** SUPPLIED DATA **

_ _ _ _ _

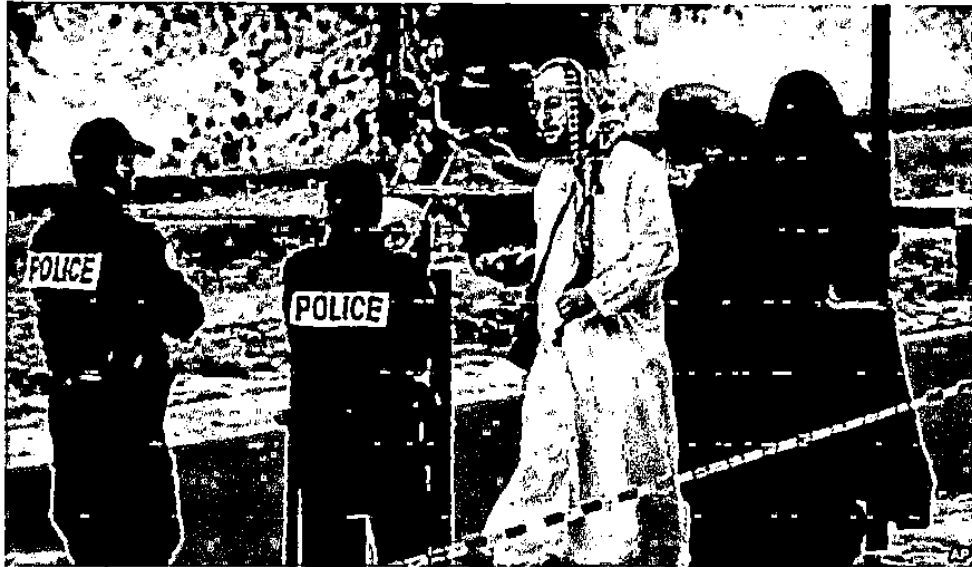
Gambar 1. 4.
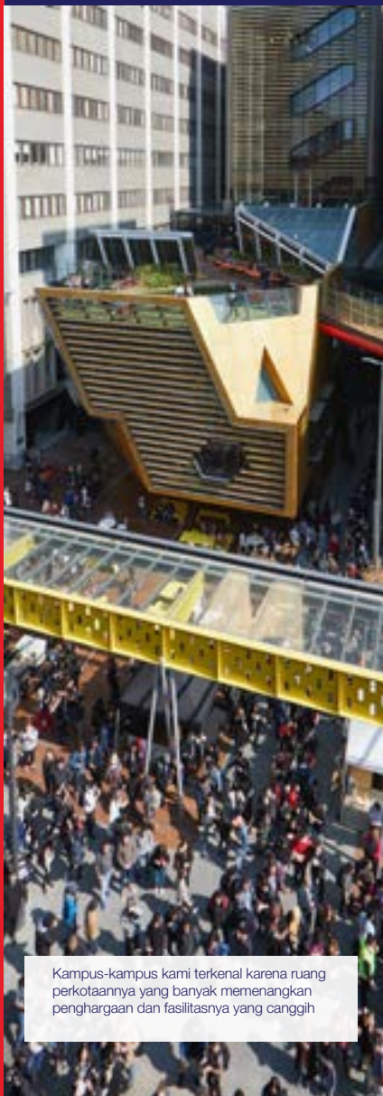
Kampus-kampus kami terkenal karena ruang perkotaannya yang banyak memenangkan penghargaan dan fasilitasnya yang canggih
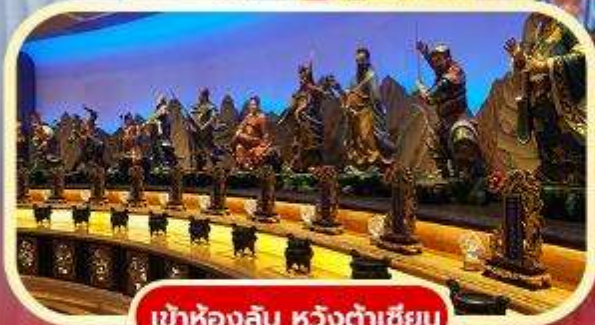
เข้าห้องลับ หวังต้าเซียน
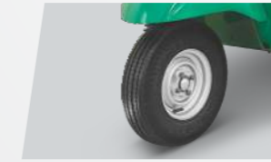
ट्यूबलेस टायर 3 व्हीलर श्रेणी में सबसे पहले
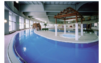
音更町温水プール アクリナチャッポ
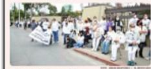
TIJUANA. Líderes clubafanos señalan que los candidatos aprovechan la protesta para sacar raja política.

TIJUANA. Con una pobre asistencia que no superó las 300 personas, la manifestación contra la expropiación del Club Campestre se redujo a un acto de oportunismo político, debido a que se contaminó con la presencia de los candidatos de la alianza Ya por Baja California (PAN-PRI-PRD).
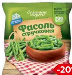
Фасоль стручковая СЕМЕЙНЫЕ СЕКРЕТЫ (резаная), 700 г
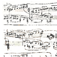
Immatériel Cultureel Erfgoed

instituut ( www.zti.hu , in het Hongaars en het Engels), bevatten meer dan 14.000 traditionele liederen en informatie hierover. Dit alles werd verzameld tussen 1896 en 1940 door Béla Bartók, Zoltán Kodály en hun medewerkers en opvolgers. Op dezelfde site vinden we ook de databank 'Musical Sound Publications' die nog eens 6.000 traditionele liederen en melodieën bevat die op vinylplaat, magneetfoon of een andere drager zijn verschenen tussen 1950 en 2000. In de zoekmachine van de databank werd bovendien een tool geïntegreerd waarmee bezoekers van de site gemakkelijk muziek e.d. uit hun eigen streek terugvinden en downloaden. Deze onlinedatabanken worden veel gebruikt door gemeenschappen die steeds vaker documentatie over vroegere muziektradities gebruiken in het onderwijs en in culturele programma's. In ruil daarvoor geven leden van de verschillende gemeenschappen nieuwe informatie over hedendaagse muzikale expressievormen.
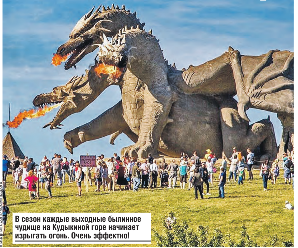
В сезон каждые выходные былинное чудовище на Кудыкиной горе начинает изрыгать огонь. Очень эффектно!

В любое время года там приятно вдохнуть полной грудью хрустального чистого воздуха, пройтись вдоль реки и выпить вкусной живой воды, бьющей ключом из пятиметровой кринки. И, представив себя добрым молодцем или красной девицей, позволить себе пожить в сказке хотя бы несколько часов.
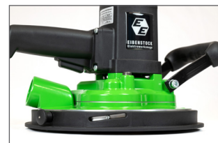
Réglage de la profondeur de fraisage - position intermédiaire
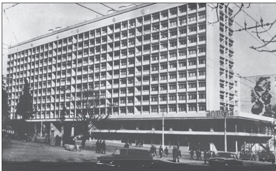
Рисунок 6. Проект реконструкції фасадів. 1984 р. Не здійснено.

У зв'язку з реконструкцією Оперного театру і необхідністю ансамблевого вирішення усїєї площі, у 1984 р. в інституті «Київпроект» був розроблений проект реконструкції будинку по вул. Володимирській, 51/55. Автор проекту – арх. В.Гопкало в пояснювальній записці виклав основні завдання реконструкції: обличкування листовим алюмінієм, установка декоративних ребер з алюмінієвого сплаву, покриття синьою глазурованою керамічною плиткою на 1-му поверсі тощо[25]. В архівній справі є фотомонтаж будинку з проєктованими змінами (рисунок 6).
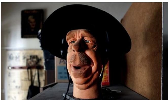
Možná si ještě vzpomenete na gumového Václava Havla z pořadu Gumáci

o tenhle typ řemeslné práce v kinematografii bohužel stále menší zájem. Pomalu ale jistě se stává nepotřebnou a jednoho dne bude patrně zcela zapomenuta. Řekněte sami, není to škoda?
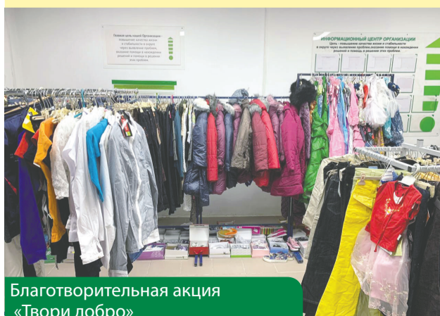
Благотворительная акция «Твори добро»

Цель: улучшать качество жизни и оказывать социальную поддержку гражданам, попавшим в трудную жизненную ситуацию.
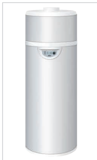
EDEL AIR modèle mural
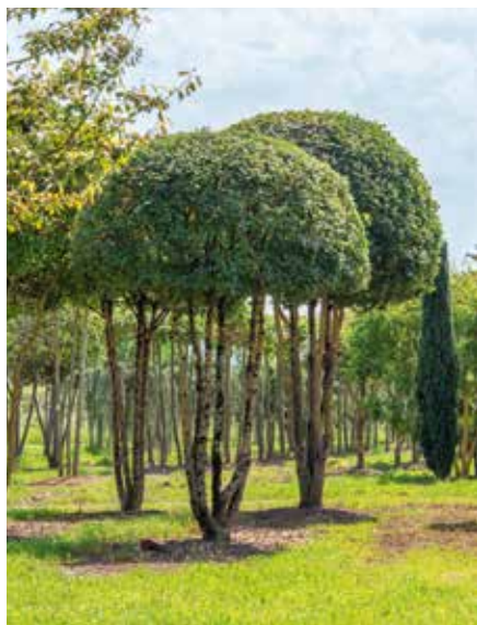
Acer campestre Elsrijk SOLB Schirm
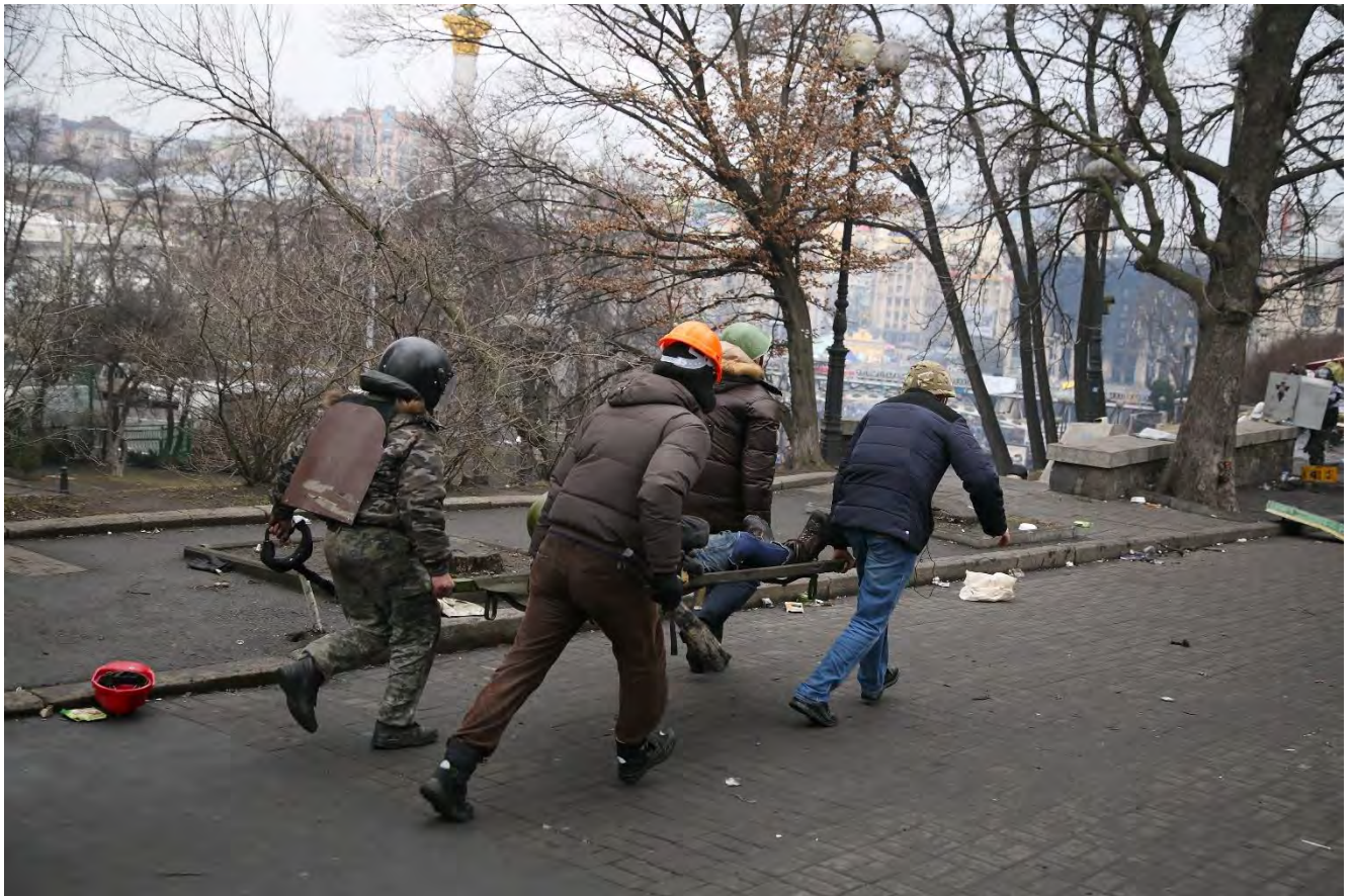
20 лютого 2014 р. Евакуація пораненого.
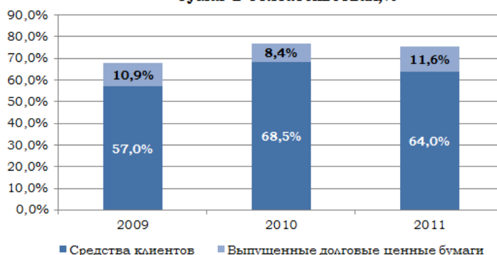
Доля клиентских средств и долговых ценных бумаг в обязательствах, %

Банк поддерживает приемлемый уровень рентабельности, по итогам 2011 года показатель ROAE составил 17,6%, а ROAA – 1,8%.
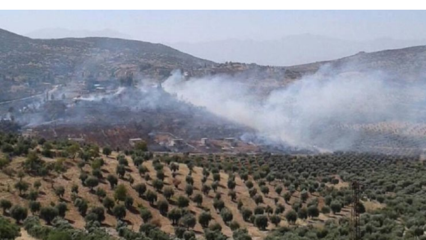
أصدقاء دائمين إنما مصالح دائمة».

ورغم فظاظة هذا الموقف أو العقولة ولكنه يكيننا نحن الشعوب التي تسعى إلى حل قضاياها إلى استخلاص الكثير من الاستنتاجات منها والعمل وفق ذلك، لأنه يظهر جلياً أن الاعتماد الكلي على القوى الخارجية ما هي إلا سداجة وغفلة قاتلة، وهذا ما شاهدناه مؤخراً في أفغانستان حيث الانهيار العنل، ليس للحكومة الأفغانية وجيشها المزعوم وحسب بل للمنظومة التي تدعى قيادة العالم!!..
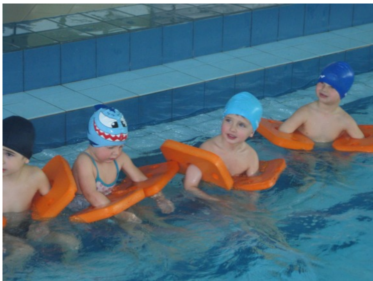
Předplavecká výuka

Výsledek hlasování: pro 5, proti 0, zdržel se 0, nepřítomno 2

_ _ _ _ _

Leave out every picture, and copy exactly the lines above starting at the one holding "У зв'язку з" and ending at the one holding "أصدقاء دائمين إنما", no more and no less.

У зв'язку з реконструкцією Оперного театру і необхідністю ансамблевого вирішення усїєї площі, у 1984 р. в інституті «Київпроект» був розроблений проект реконструкції будинку по вул. Володимирській, 51/55. Автор проекту – арх. В.Гопкало в пояснювальній записці виклав основні завдання реконструкції: обличкування листовим алюмінієм, установка декоративних ребер з алюмінієвого сплаву, покриття синьою глазурованою керамічною плиткою на 1-му поверсі тощо[25]. В архівній справі є фотомонтаж будинку з проєктованими змінами (рисунок 6).
Možná si ještě vzpomenete na gumového Václava Havla z pořadu Gumáci

o tenhle typ řemeslné práce v kinematografii bohužel stále menší zájem. Pomalu ale jistě se stává nepotřebnou a jednoho dne bude patrně zcela zapomenuta. Řekněte sami, není to škoda?
Благотворительная акция «Твори добро»

Цель: улучшать качество жизни и оказывать социальную поддержку гражданам, попавшим в трудную жизненную ситуацию.
EDEL AIR modèle mural
Acer campestre Elsrijk SOLB Schirm
20 лютого 2014 р. Евакуація пораненого.
Доля клиентских средств и долговых ценных бумаг в обязательствах, %

Банк поддерживает приемлемый уровень рентабельности, по итогам 2011 года показатель ROAE составил 17,6%, а ROAA – 1,8%.
أصدقاء دائمين إنما مصالح دائمة».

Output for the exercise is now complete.